Todo empieza con un punteo. El leve aleteo de una mariposa encerrada en una urna de cristal. Un gesto delicado al que alguien le abre una minúscula puerta. Suficiente resquicio para que ese punteo escape, se eleve, encuentre una ventana y se haga a la calle. Una vez allí, empapado con el aliento de la gente, el punteo crece. Y convertido ya en brisa, carga su mochila con sentido común y paciencia y recorre el país.

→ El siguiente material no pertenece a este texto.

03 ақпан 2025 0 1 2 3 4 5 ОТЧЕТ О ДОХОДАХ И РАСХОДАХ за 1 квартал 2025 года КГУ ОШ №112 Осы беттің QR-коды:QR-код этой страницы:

Hasta el océano llega por los golpes profundos y perseverantes de un bajo. Temblores que surgen de la tierra y empujan al punteo convirtiéndolo en viento. En ese tipo de viento profundo que te susurra historias sin palabras cuando te desordena el pelo o te llena los ojos de lágrimas. En mar abierto, una segunda guitarra le da alas, lo cubre, lo decora y lo engorda. Lo disfraza de huracán y le da velocidad y fuerza. Y así arrastra a su paso las estrellas del cielo y un montón de ilusiones y sueños que no había quién bajara. Como la ráfaga que devuelve todos los balones y cometas que se habían quedado atrapadas en los tejados: acercándonos de nuevo a la diversión y al juego que perdimos hace quizás demasiados años.

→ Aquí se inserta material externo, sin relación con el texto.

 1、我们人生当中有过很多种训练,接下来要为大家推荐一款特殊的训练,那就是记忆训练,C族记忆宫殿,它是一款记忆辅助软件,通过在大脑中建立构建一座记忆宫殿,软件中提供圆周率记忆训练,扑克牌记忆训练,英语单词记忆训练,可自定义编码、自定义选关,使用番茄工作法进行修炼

Pero es la batería la que lo convierte en tormenta. Es la gravedad de sus golpes quien oscurece el torbellino, quien lo rellena de compromiso, de verdad. Y es esa tormenta perfecta, completa, la que desciende de nuevo sobre la tierra con furia, la que azota, la que pincha, la que te cala por dentro primero y después te empapa por fuera, dejándote la boca entornada, los ojos a medio cerrar y el corazón temblando. Y en mitad de ese tornado, si eres capaz de plantarte ante él, todavía se puede distinguir el suave aleteo del punteo, legítimo, originario. Germen de un tifón capaz de arrastrar vientos, cuerdas y melodías tan sutiles como él mismo. Un conjunto tan grande de detalles tan pequeños que crean un muro poroso y brutal.

Y así, lo que empezó como un punteo termina al otro lado del mundo como una explosión de sonido. Un conjunto perfecto de instrumentos llevados al extremo, derrochando energía, convertidos en central eléctrica, capaces de iluminar el planeta a su paso. Y te arrasan y sientes cómo la intensidad resquebraja las montañas, manteniendo sin embargo el equilibrio en mitad de un terremoto armónico, plagado de millones de detalles.

La otra manera de verlo es ir a un concierto de Toundra. Ahorrarte palabras. Sentirlo por ti mismo. Disfrutar.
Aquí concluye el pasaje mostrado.